### What you are asked to do
Reproduce exactly, with no pictures, each line from the opening of the material down through the line containing "近日,据世界知识产权组织(W".

### Material supplied
┏━━

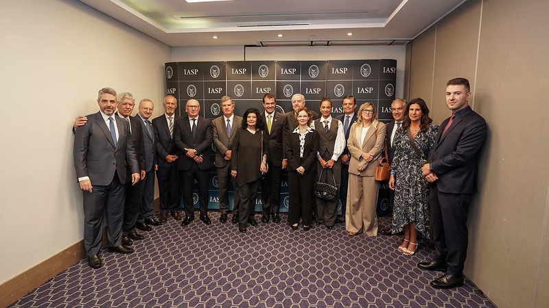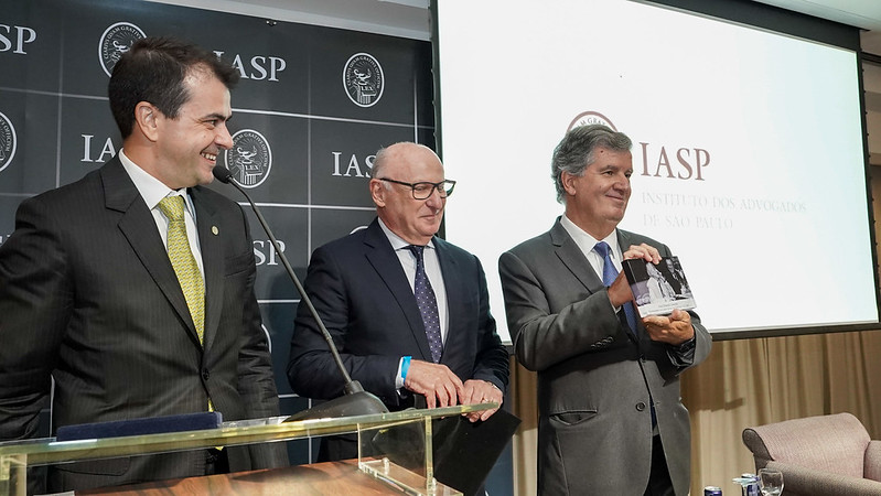 Ao final do encontro, o presidente do TJSP recebeu uma placa de homenagem das mãos do Dr. Rui Fragoso, Ex-Presidente do IASP, em reconhecimento à sua atuação institucional.
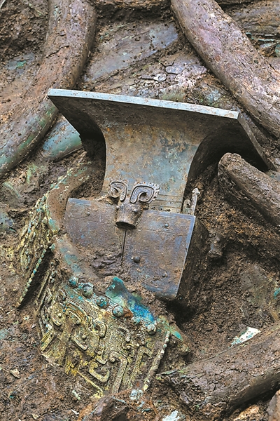 3号“祭祀坑”内拍摄的青铜器和象牙
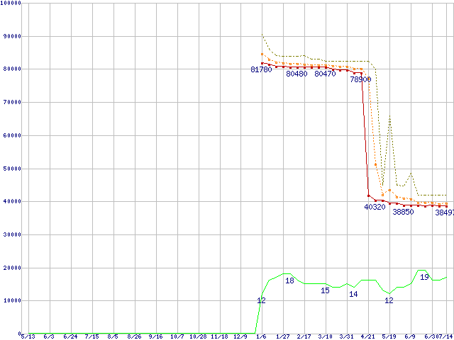 ※このグラフは過去のデータも税率5%相当に調整した税込み相当額のグラフです。 税率変更や、総額表示方式導入(2004年4月)の影響は除いています。 | | | ●凡例 | 最安値 (点線部は販売店未確認 または未調査) | 平均値 | 最高値 | ショップ数 |
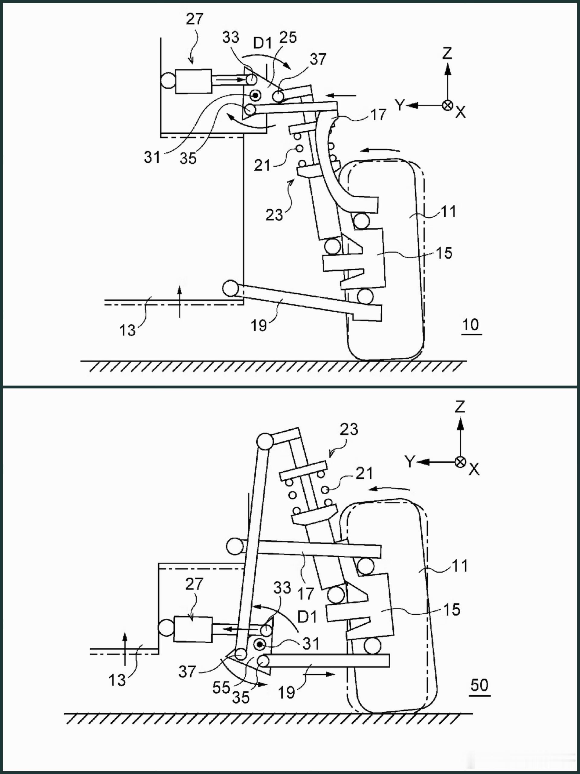 近日,据世界知识产权组织(WIPO)公开文件显示,斯巴鲁汽车公司申请了一项名为“悬架装置和车辆”的颠覆性技术专利。该专利的核心是一种允许车辆在行驶过程中,实时、主动地调整车身高度与车轮外倾角(Camber)的悬架系统,其目标是让极致的低趴姿态与卓越的赛道操控这两种看似矛盾的需求,在同一辆车上得以共存。
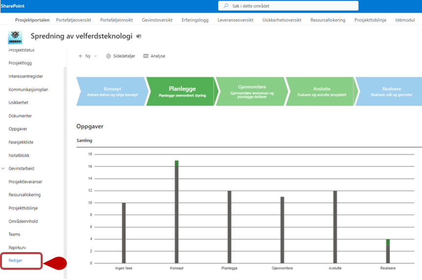 Her finner du alt du har slettet fra prosjektområdet, og kan gjenopprette elementer om du har slettet noe ved uhell. Områdeeier kan se alt som er slettet, og kan gjenopprette uavhengig om det ble slettet av noen andre. Du kan lære mer om papirkurven i Microsoft sine egne supportsider.
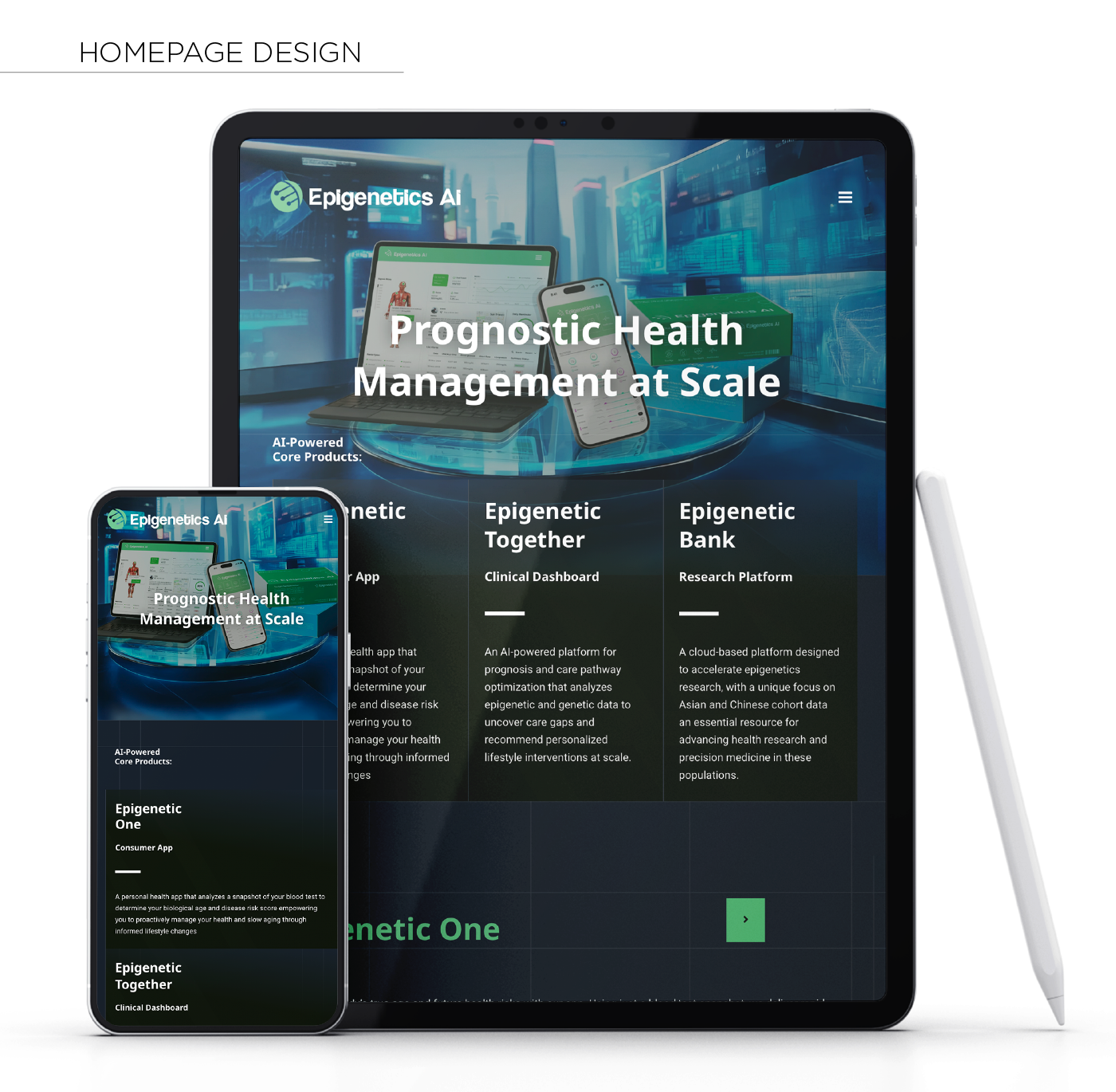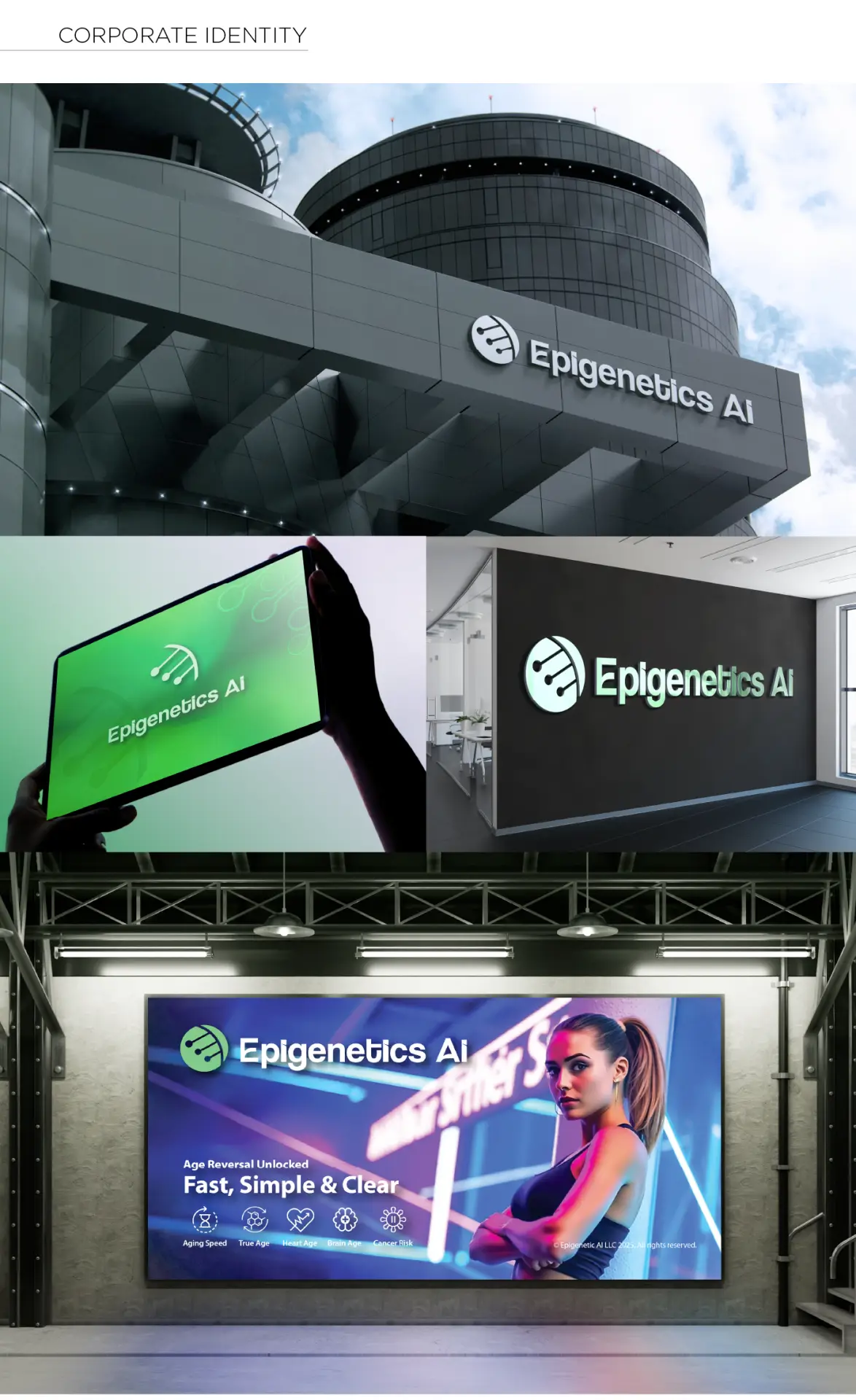 Client: Epigenetics AI | Brand Design: Ken Yim | Motion Graphic: Ken Yim | UI: Ken Yim |UX Research: Epigenetics AI Development Team |Software: After Effect, Photoshop, Illustrator, Adobe Express, LLM Generative AI, Figma/Sketch
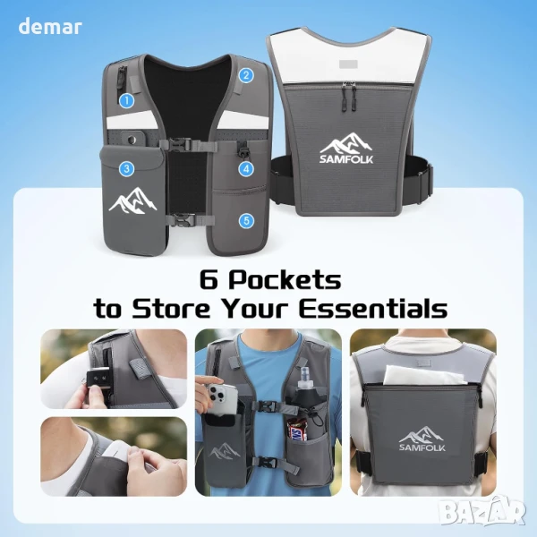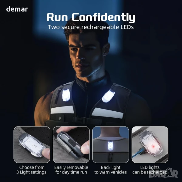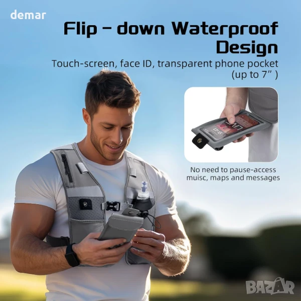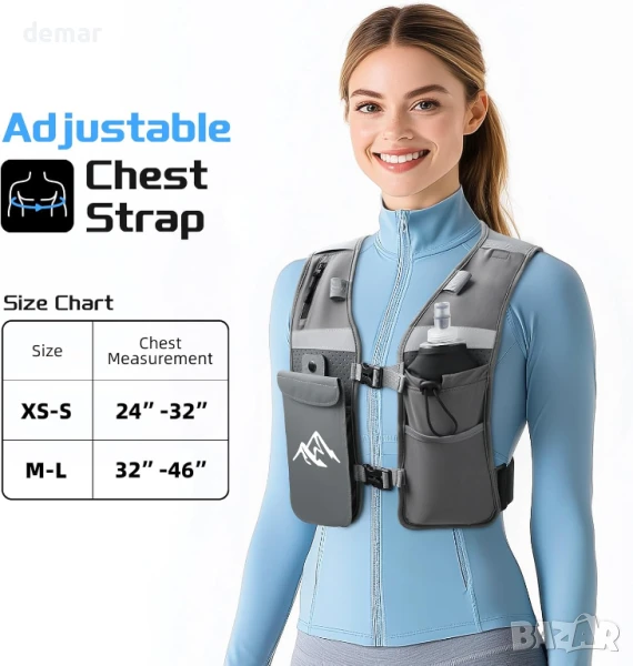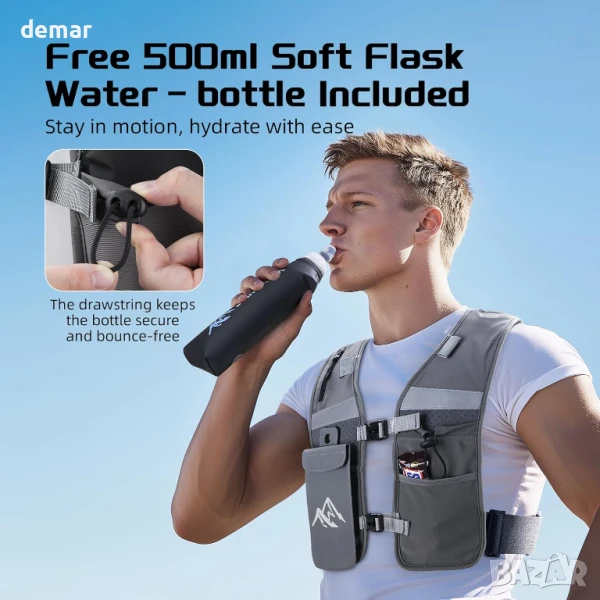 Лека и дишаща, тази регулируема унисекс светлоотразителна жилетка за бягане предлага плътно прилягане с предни и задни точки за регулиране, което я прави подходяща както за мъже, така и за жени. Тя включва вграден държач за телефон и четири отделения за съхранение - едното от които е устойчиво на буря - за безопасно носене на най-необходимите вещи. Включена е мека бутилка от 500 мл, която се побира идеално в определения джоб. Изработена от издръжлив неопрен с отвори за разсейване на топлината, тя осигурява комфорт, бързо съхнене и подобрена видимост при дейности при слаба светлина, служейки като компактна алтернатива на обемистите раници.

┗━━

### Solution below
 Ao final do encontro, o presidente do TJSP recebeu uma placa de homenagem das mãos do Dr. Rui Fragoso, Ex-Presidente do IASP, em reconhecimento à sua atuação institucional.
 3号“祭祀坑”内拍摄的青铜器和象牙
 ※このグラフは過去のデータも税率5%相当に調整した税込み相当額のグラフです。 税率変更や、総額表示方式導入(2004年4月)の影響は除いています。 | | | ●凡例 | 最安値 (点線部は販売店未確認 または未調査) | 平均値 | 最高値 | ショップ数 |
 近日,据世界知识产权组织(WIPO)公开文件显示,斯巴鲁汽车公司申请了一项名为“悬架装置和车辆”的颠覆性技术专利。该专利的核心是一种允许车辆在行驶过程中,实时、主动地调整车身高度与车轮外倾角(Camber)的悬架系统,其目标是让极致的低趴姿态与卓越的赛道操控这两种看似矛盾的需求,在同一辆车上得以共存。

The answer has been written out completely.